Now you can pay taxes on your new castle!” “I do not have—” “Open it!” Amanda insisted. A knock at the door behind them signaled her husband’s arrival, but she impatiently waved him off before urging her on. “Open, open.” “Oh for…” Nobody in their right mind would send her jewels, and yet the jolt of excitement that leapt electrically from nerve to excited nerve was undeniable. She slipped her finger under the flap, breaking the seal far enough to unfold the top. Amanda squealed when she saw the necklace. More confused than excited now, Flora tipped it into her hand. “It’s a locket.” Hands clenched, as if to hold onto her excitement as if by force, Amanda didn’t at first react. “A jeweled locket?” There were no jewels.
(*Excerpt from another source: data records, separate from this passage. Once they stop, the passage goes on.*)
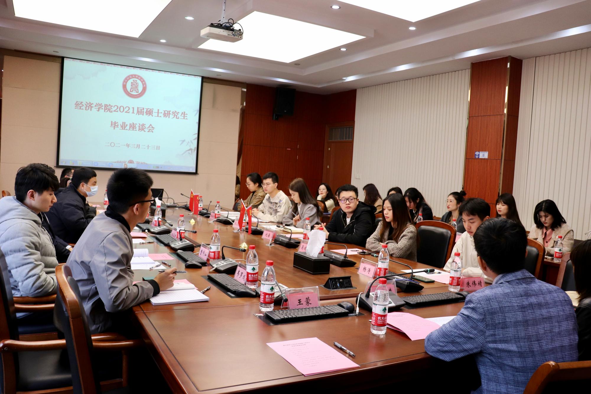 3月23日上午,学院在210会议室召开2021届硕士研究生毕业生座谈会。学院院长王正新、党副委书记崔泰铭、团委书记曹仲晔以及辅导员韦罗成、俞一献、陈秋涵出席会议,14名硕士毕业生代表参加会议。
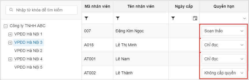 Quản lý một ghi chép xem có những nhân viên nào được phân quyền đọc hoặc chỉnh sửa
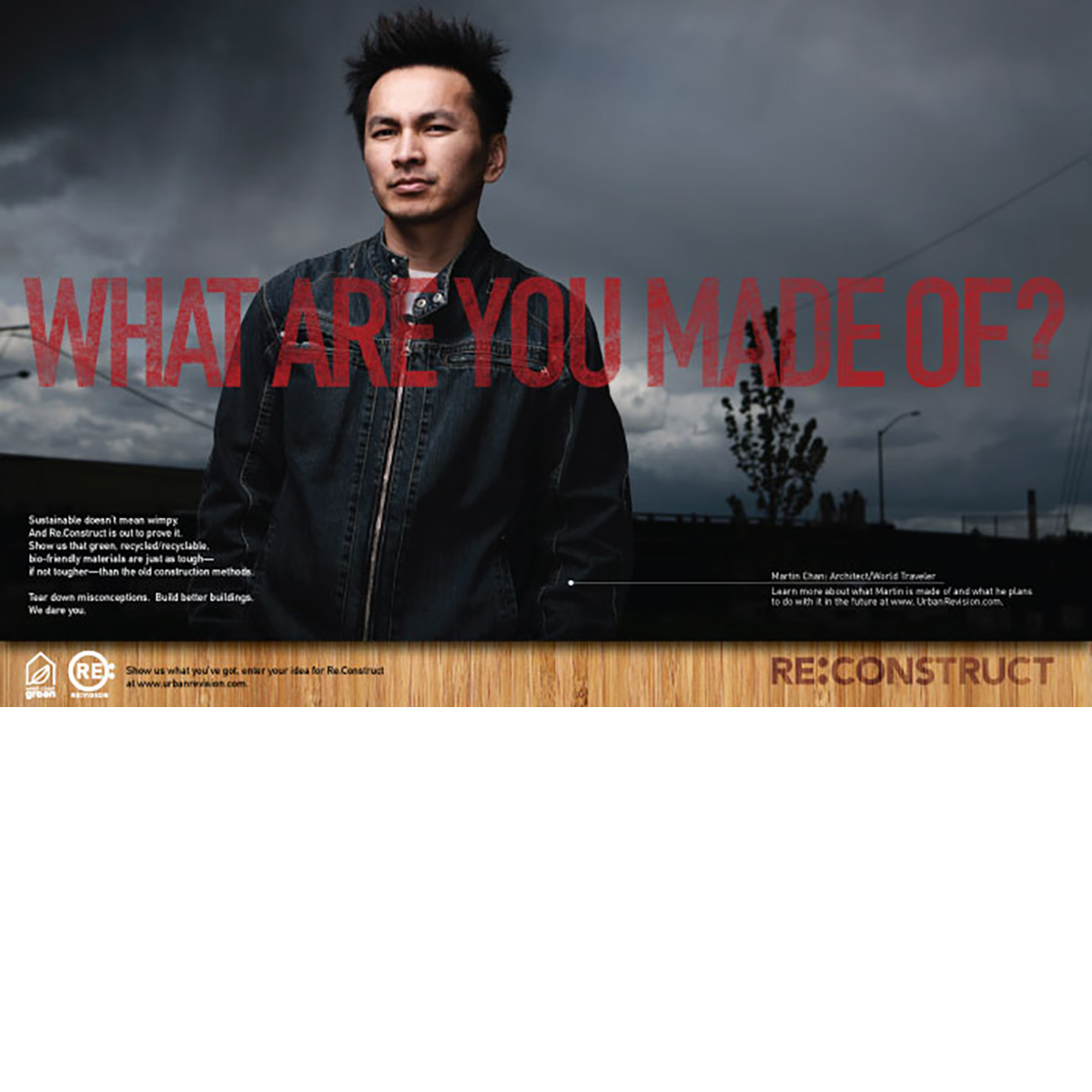 What are we made of? Do we have what it takes to make a difference? Can we rebuild a sustainable foundation for the future? It’s time for a change in the way we see things, in the way we do things. It’s time for what we build to reflect who we are and what we’re made of. It’s time to Re:Construct the ideas and realities of sustainable building. We were looking for your inventive ways to create new types of structures and techniques—or renovate old ones. From planning codes to toilets, dry wall to moveable walls we want your help in reimagining the building industry. Change the parts of construction and you’ll reinvent the act of construction itself.You are what you build. Re:Construct is your chance to reinvent yourself.

The medallion was plain and round, the silver tarnished between the engraved folds of delicate ivy that wrapped the front, almost hiding a single tiny hinge. “That doesn’t look at all expensive,” Amanda said bluntly. Tsking, she threw up a hand in an openly irritated wave. “I can’t believe I was ready to give up my anniversary to have drinks and strippers with her new royal highness. See you Monday, Flora.” Flora was too focused on the puzzle in her hand even to roll her eyes. “See you Monday,” she replied, but Amanda had already gone and the door had shut. Moving by rote, Flora drifted across the lobby to relock it, but her eyes never left the locket. She studied the scrollwork. Then noticed there was writing inside the heavy parchment envelope.
Letting the chain twine around her fingers, she carefully unfolded the aged paper. Careful as she was, it still split along one crease. Laying the paper on Amanda’s desk, she gently smoothed it flat. Pulling up a chair, she switched the desk lamp back on so to better read the spidery scrawl. Old as the page was, she expected the words to be written in cursive, but they weren’t and in the back of her mind, the first red flag that this—whatever this was—might not be genuine, raised. This locket was once the property of the sixth and unknown victim of Jack the Ripper. The proof lies inside. Open only when you are alone.